New cell type found in lungs

(ORDO NEWS) — Scientists have discovered an entirely new type of cell lurking in the thin, branched passageways of the human lung.

According to a new study, these cells play a vital role in keeping the respiratory system functioning properly and could even be the source of new treatments that could reverse the effects of some smoking-related diseases.

Cells known as airway secretory cells (RAS) are found in tiny, branching passages known as bronchioles, which are topped by alveoli, small air sacs that exchange oxygen and carbon dioxide with the bloodstream.

The new RAS cells are like stem cells – blank canvas cells that can differentiate into any other cell type in the body – and are able to repair damaged alveolar cells and grow into new ones.

The researchers discovered the RAS cells after growing frustrated with the limitations of using mouse lungs as a model of the human respiratory system. However, due to some differences between them, scientists are having a hard time filling in some of the gaps in knowledge about the human lungs.

To better understand these differences at the cellular level, the team took lung tissue samples from healthy human donors and analyzed the genes in individual cells, revealing previously unknown RAS cells.

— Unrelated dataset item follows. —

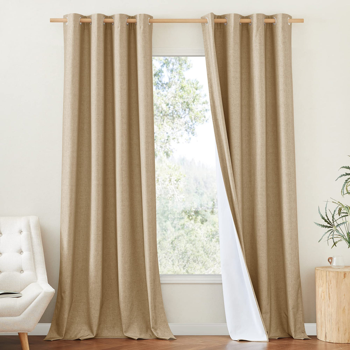 Nicetown 100% Absolutely Blackout Linen Curtains With Thermal Insulated White Liner, Camel, W52 X L90, 2 Panels, Textured Linen Look Noise Reducing Window Treatments Drapes For Bedroom/Living Room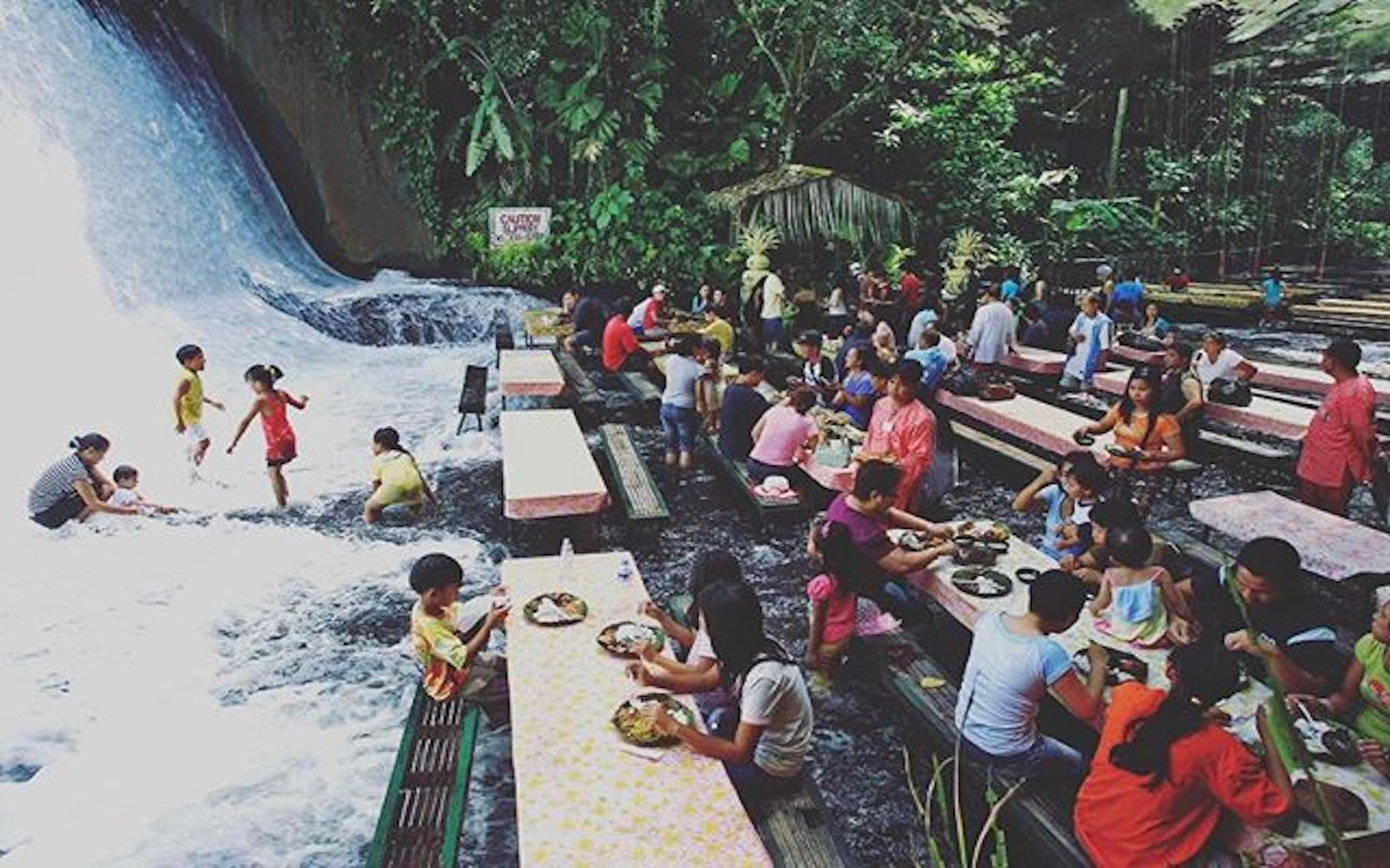 Posjetitelji uživaju u autentičnoj domaćoj kuhinji i ručaju za stolovima od bambusa. Noge im se ispiraju kristalno čistom vodom. Što ima više osvježenja u ovoj vlažnoj klimi! Vodopad koji teče radi kao prirodni klima uređaj.

“It has long been known that the airways of the human lung are different from those of mice,” study senior author Edward Morrisey, a professor of respiratory systems at the University of Pennsylvania’s Perelman School of Medicine, told Live Science. “But developing technology has only recently allowed us to take samples and identify unique cell types.”

The team also found RAS cells in ferrets, whose respiratory systems are more human-like than those of mice. As a result, researchers suspect that most mammals, whether equal or larger in size, likely have RAS cells in their lungs, Morrisay said.

RAS cells perform two main functions in the lungs. First, they release molecules that maintain fluid in the bronchioles, helping to prevent destruction of the tiny airways and maximizing the efficiency of the lungs.

Second, they can act as progenitor cells for alveolar type 2 (AT2) cells, a special type of alveoli that secrete a chemical that is partly used to repair other damaged alveoli (progenitor cells are cells that can differentiate into another type of alveolus). cells, just as stem cells differentiate into other cells).

“RAS cells are what we have called facultative progenitors,” Morrissey said, “which means they act as progenitor cells and also play an important functional role in maintaining respiratory health.” This means RAS cells play a vital role in keeping the lungs healthy, he added.

Researchers believe that RAS cells may play a key role in smoking-related diseases such as chronic obstructive pulmonary disease (COPD). COPD is the result of inflammation of the airways inside the lungs, which can be caused by smoking and sometimes air pollution, according to the Mayo Clinic.

Inflammation of the airways makes it harder for the lungs to get enough oxygen, which is why COPD has symptoms similar to asthma.

COPD can also lead to emphysema, in which the alveoli are permanently destroyed, and chronic bronchitis, a long and intense cough, usually accompanied by copious sputum. According to the World Health Organization, more than 3 million people worldwide die each year from COPD.

Theoretically, RAS cells should prevent or at least alleviate the effects of COPD by repairing damaged alveoli. However, researchers suspect that smoking can damage or even completely destroy new cells, leading to diseases such as COPD.

Patients with COPD are often prescribed anti-inflammatory drugs or oxygen therapy to relieve symptoms. However, these are only temporary solutions and do nothing to reverse lung damage.

RAS cells have the potential to be used to improve the treatment or even cure of COPD if researchers can properly exploit the regenerative properties of these cells.

“We don’t yet know if this discovery could lead to a potential cure for COPD,” Morrissey said. “However, since COPD is a disease that we know very little about, any new discovery should help our field start thinking about new therapeutic approaches that could lead to better treatments.”